### WORK TASK
Your task is to repeat exactly the lines from the one with "UCB Momentum Q-learning: Correcting" through the end of the records, both included; please leave the pictures out.

### RECORDS TO PROCESS
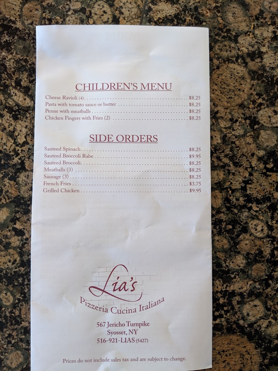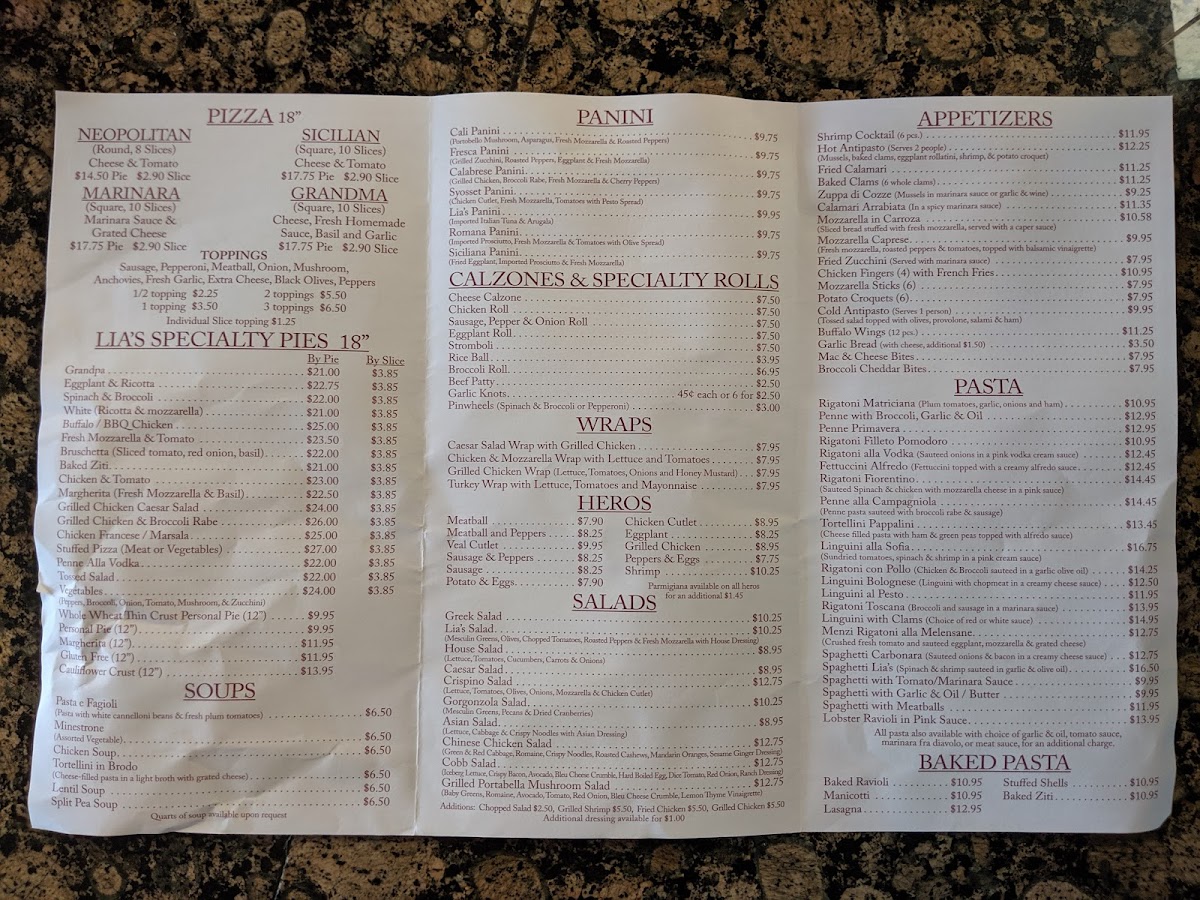 Lia's Pizzeria Menu
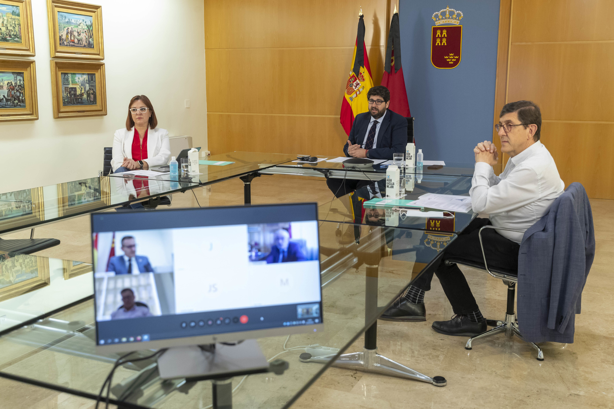 El presidente López Miras se reúne con alcaldes y portavoces para informar de la solicitud de la Región de Murcia de pasar a Fase 3 de la desescalada
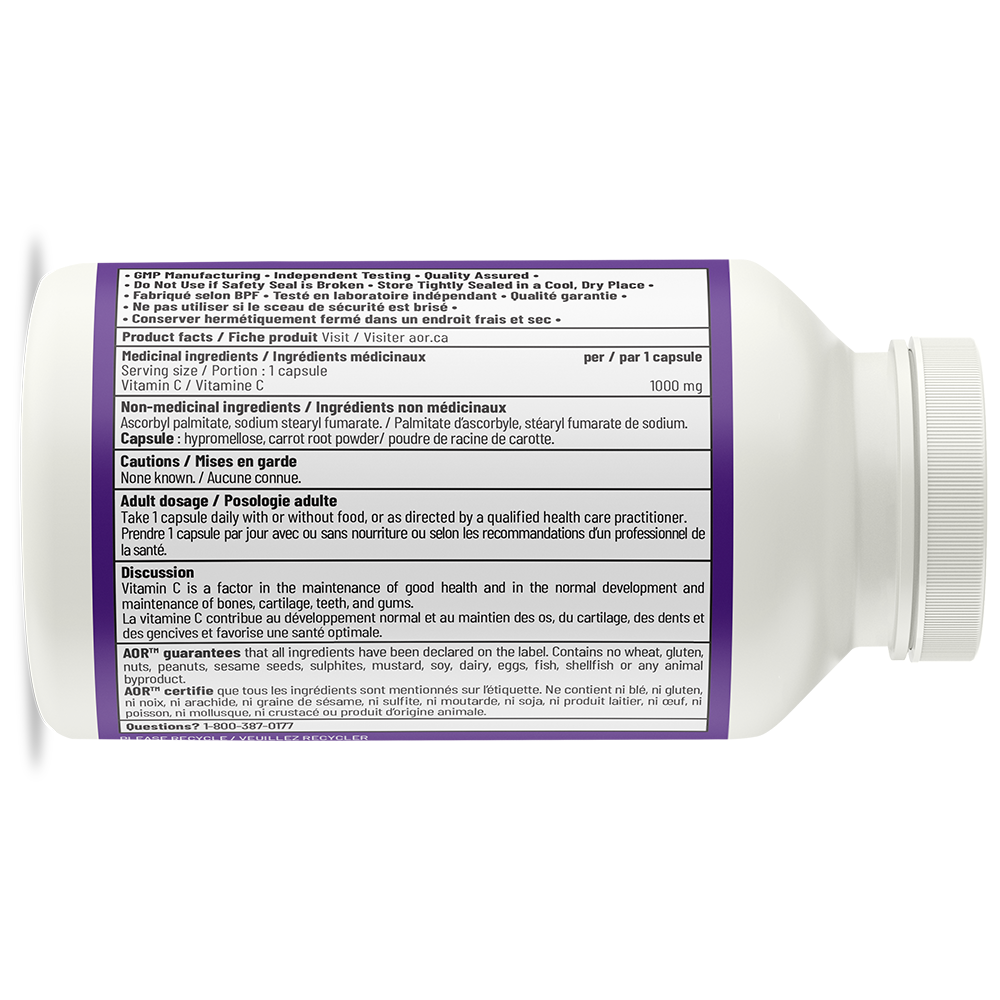 AOR Vitamin C is a high-dose, pure ascorbic acid that can benefit everyone, especially those with a family history of cardiovascular disease, seasonal allergies, a weak immune system, or who do not regularly consume citrus fruits or other vitamin C-rich foods.
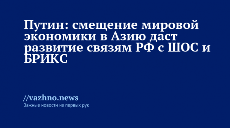 Сдвиг центра мировой экономики в сторону Азии предоставляет новые перспективы для развития взаимовыгодных отношений России с Шанхайской организацией сотрудничества (ШОС) и БРИКС. Об этом 28 августа заявил президент России Владимир Путин в обращении к участникам, организаторам и гостям X Восточного экономического форума (ВЭФ).
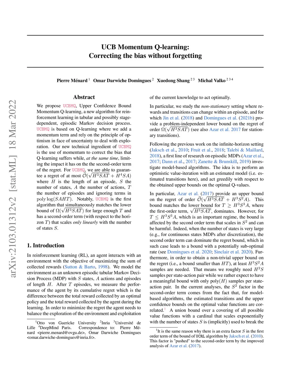 UCB Momentum Q-learning: Correcting the bias without forgetting
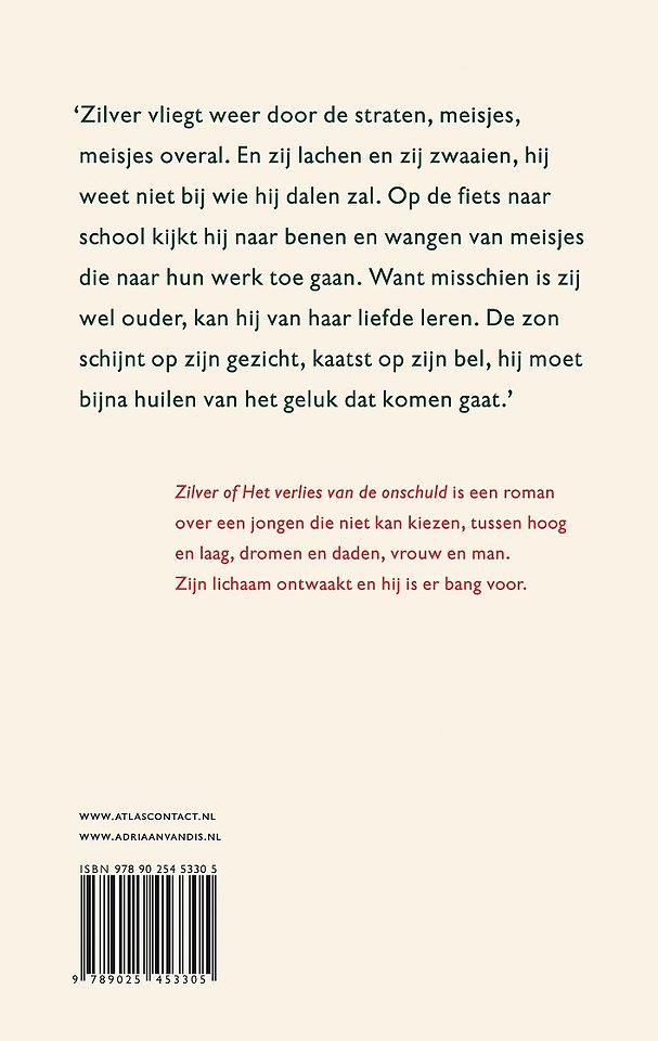 man moet worden. Hij kent zijn ouders niet, alleen de strenge hand van de Juffrouw en later de kilte van een kostschool. Hij is nieuwsgierig, laat zich lokken en verleiden en verliest zijn onschuld. Hij wil in anderen opgaan en ook zichzelf blijven, verzet zich tegen zijn eenzaamheid maar wil die ook behouden. ‘Zilver’ is een roman over een jongen die niet kan kiezen, tussen hoog en laag, dromen en daden, vrouw en man. Zijn lichaam ontwaakt en hij is er bang voor. Deze editie is voorzien van prachtige illustraties door Joost Roelofsz.
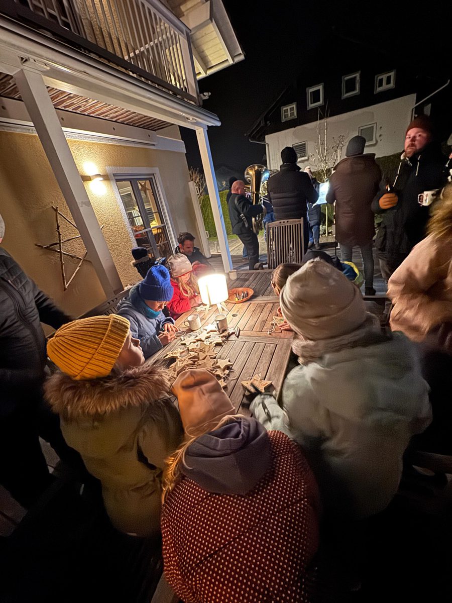 Sie hatten eingeladen, den Stern am Balkon aufgehängt und Schilder aufgestellt, warme Getränke und kleine Köstlichkeiten vorbereitet. Dazu spielten die Weisenbläser auf der Terrasse und Steffi, Rosa und Hannes lasen die Geschichte der Tiere vor, während Ludwig sich um das Feuer im Häuschen kümmerte.
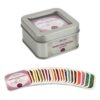 Die Symbole sind auf Karton gedruckt, 5cm große und laminiert in einem handlichen Metalldöschen mit Sichtfenster.
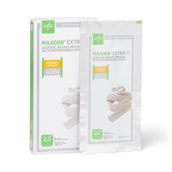 - Medline Maxorb Extra AG+ CMC / Alginate Dressing, 1" x 12'' Flat Rope, 60MSC9412
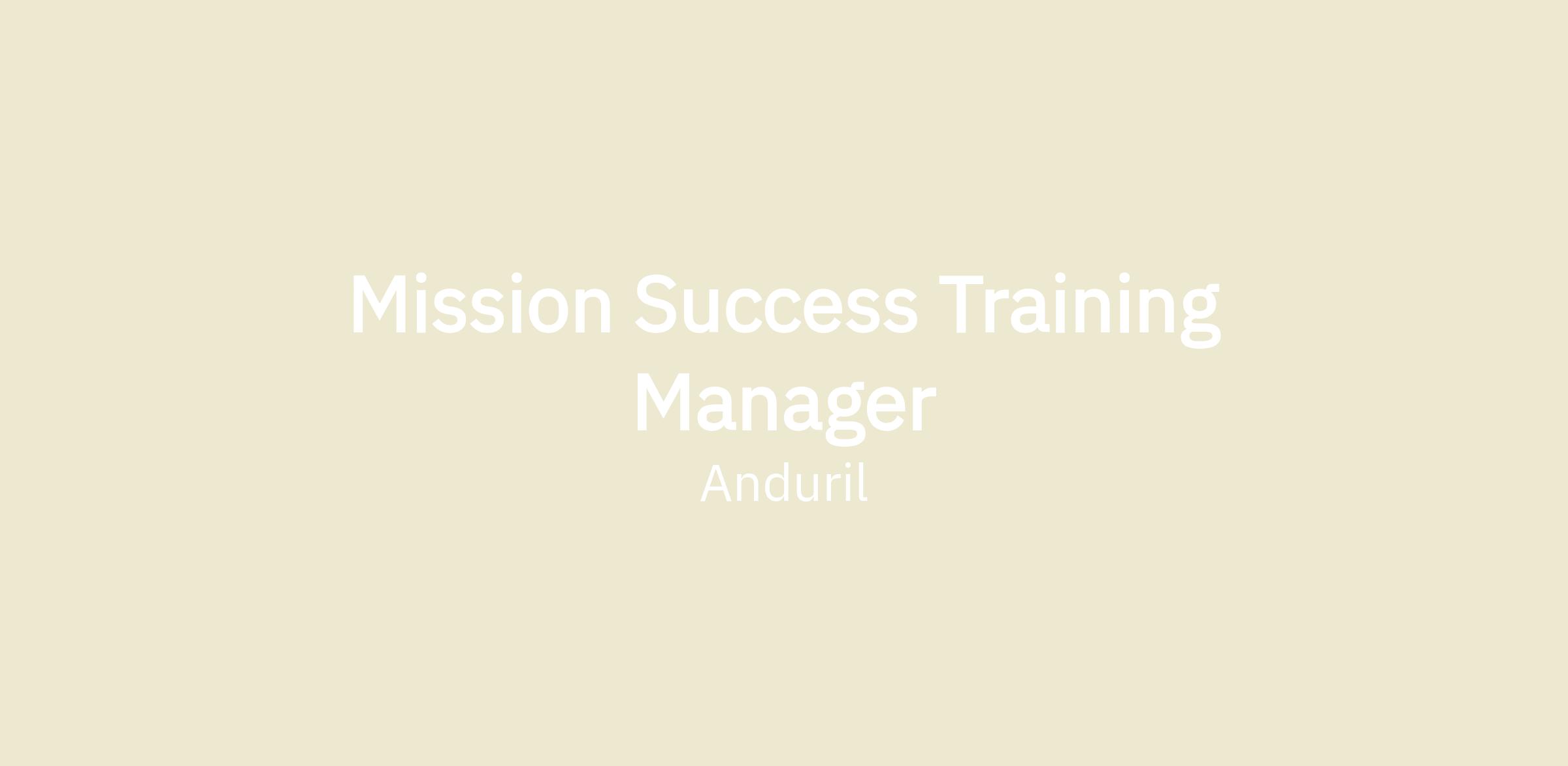 - Orchestrate the expeditionary delivery of training on Anduril products

### FINISHED EXERCISE
 UCB Momentum Q-learning: Correcting the bias without forgetting
 man moet worden. Hij kent zijn ouders niet, alleen de strenge hand van de Juffrouw en later de kilte van een kostschool. Hij is nieuwsgierig, laat zich lokken en verleiden en verliest zijn onschuld. Hij wil in anderen opgaan en ook zichzelf blijven, verzet zich tegen zijn eenzaamheid maar wil die ook behouden. ‘Zilver’ is een roman over een jongen die niet kan kiezen, tussen hoog en laag, dromen en daden, vrouw en man. Zijn lichaam ontwaakt en hij is er bang voor. Deze editie is voorzien van prachtige illustraties door Joost Roelofsz.
 Sie hatten eingeladen, den Stern am Balkon aufgehängt und Schilder aufgestellt, warme Getränke und kleine Köstlichkeiten vorbereitet. Dazu spielten die Weisenbläser auf der Terrasse und Steffi, Rosa und Hannes lasen die Geschichte der Tiere vor, während Ludwig sich um das Feuer im Häuschen kümmerte.
 Die Symbole sind auf Karton gedruckt, 5cm große und laminiert in einem handlichen Metalldöschen mit Sichtfenster.
 - Medline Maxorb Extra AG+ CMC / Alginate Dressing, 1" x 12'' Flat Rope, 60MSC9412
 - Orchestrate the expeditionary delivery of training on Anduril products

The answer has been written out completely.